You don’t seem to want to say anything about how you are so confident. Can you say something about why you don’t want to give an argument for your confidence? Is it just too obvious to bother explaining? Or is there too large an inferential distance even with LW readers?
...
Tried writing a paragraph or two of explanation, gave it up as too large a chunk. It also feels to me like I’ve explained this three or four times previously, but I can’t remember exactly where.
If anyone can find it please post! It seems to me to be contrary to Einstein’s Arrogance, so I’m interested to see why it’s not.
I think I understand basically your objections, at least in outline. I think there is some significant epistemic probability that they are wrong, but even if they are correct I don’t think it at all rules out the possibility that a boxed unfriendly AI can give you a really friendly AI. My most recent post takes the first steps towards doing this in a way that you might believe.

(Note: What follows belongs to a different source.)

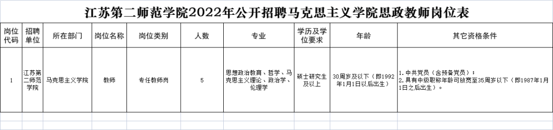 附件:江苏第二师范学院2022年公开招聘马克思主义学院思政教师岗位表.xls

I’m not sure this is what D_Alex meant however a generous interpretation of ‘unknown friendliness’ could be that confidence in the friendliness of the AI is less than considered necessary. For example if there is an 80% chance that the unknown AI is friendly and b) and c) are both counter-factually assumed to true....
(Obviously the ’80%′ necessary could be different depending on how much of the uncertainty is due to pessimism regarding possible limits of your own judgement and also on your level of desperation at the time...)
The comment of Eliezer’s does not seem to be mentioning the obvious difficulties with c) at all. In fact in the very part you choose to quote...
… it is b) that is implicitly the weakest link, with some potential deprecation of a) as well. c) is outright excluded from hypothetical consideration.